Exercise brief> Below are some records. Output the lines from the first one through the line that holds "Le marché Dong", exactly as written, with no pictures.

### Source information ###

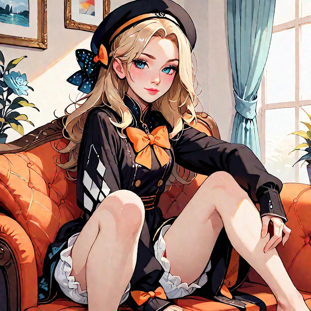 Anime Girl with Blonde Hair and Red Bowtie
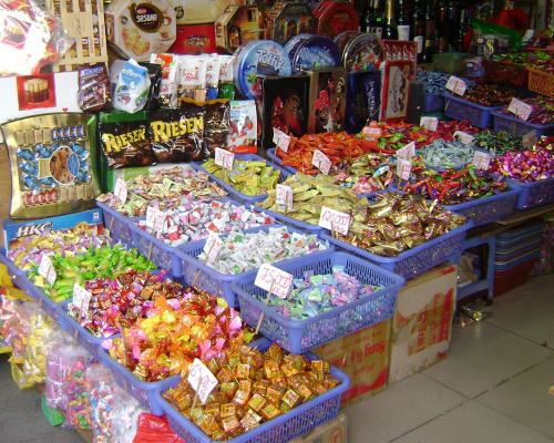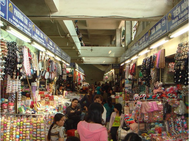 Le marché Dong Xuan vend toutes sortes de marchandises, des plus simples au plus compliquées ; des denrées et marchandises précieuses et rares, provenant de toutes les régions du pays, y sont présentes ; étoffes, soieries, velours, légumes, produits aquatiques vivants, pousses de bambous de forêts, fruits des montagnes… Un secteur particulier du marché est réservé aux gourmands qui se régaleront de vermicelles, nems, riz gluants, compotes, gâteaux de riz gluant en granules…
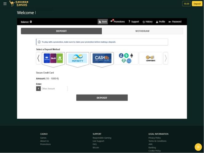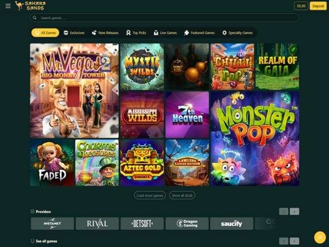 Sahara Sands कैसीनो BetSoft, Genesis Gaming, Rival, Saucify, Vivo Gaming, Spinomenal, Felix Gaming, Fugaso, Radi8 Games, Fresh Deck Studios, Woohoo Games, Qora Games, SmartSoft Gaming, Tom Horn Gaming, Genii, Wager Gaming, Dragon Gaming and Dragoon Soft द्वारा संचालित है, जो इसे स्लॉट्स, टेबल गेम्स, वीडियो पोकर और पार्लर गेम्स से भरपूर लाइब्रेरी प्रदान करता है। कैसीनो एक डाउनलोड करने योग्य सॉफ़्टवेयर के साथ-साथ एक इंस्टेंट प्ले मॉडल के माध्यम से भी उपलब्ध है जो आपको अपने वेब ब्राउज़र के माध्यम से खेलने की सुविधा देता है।
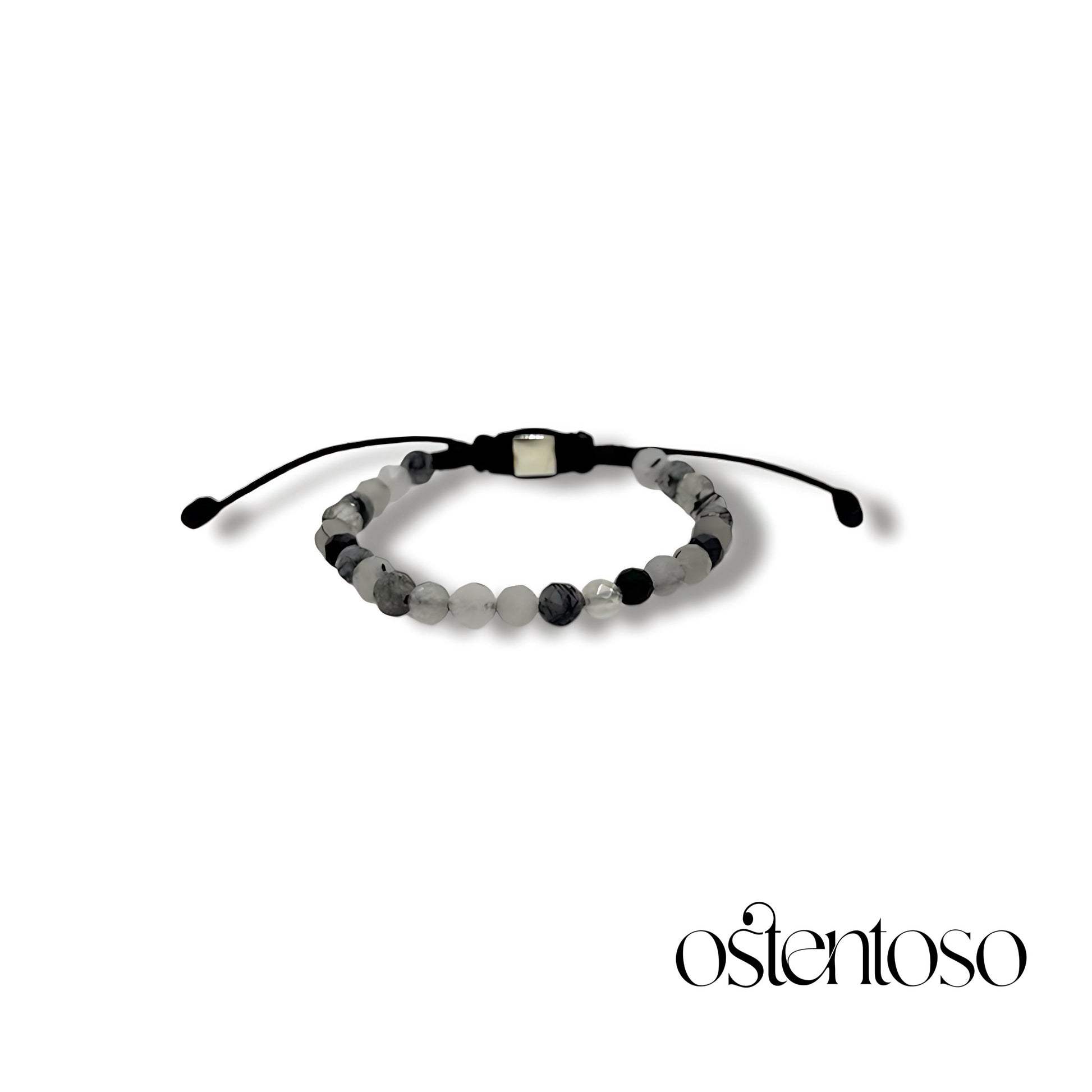 Notre magnifique bracelet est fabriqué avec du cristal de quartz qui contient de la tourmaline noire à l'intérieur taillée dans une forme sphérique facettée polie de taille n° 5 mm, conçue avec ses versions de base et avec une boule en or 18 carats et une corde terlenka de couleur selon le design.
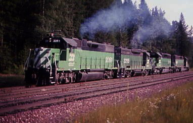 Burlington Northern GP30 2216, nee Great Northern 3016, built by Electro-Motive Division in 1963. It later became Burlington Northern GP39M 2815, then BNSF 2815 and finally Larry's Truck and Electric 2815.

###

Expected output>
 Anime Girl with Blonde Hair and Red Bowtie
 Le marché Dong Xuan vend toutes sortes de marchandises, des plus simples au plus compliquées ; des denrées et marchandises précieuses et rares, provenant de toutes les régions du pays, y sont présentes ; étoffes, soieries, velours, légumes, produits aquatiques vivants, pousses de bambous de forêts, fruits des montagnes… Un secteur particulier du marché est réservé aux gourmands qui se régaleront de vermicelles, nems, riz gluants, compotes, gâteaux de riz gluant en granules…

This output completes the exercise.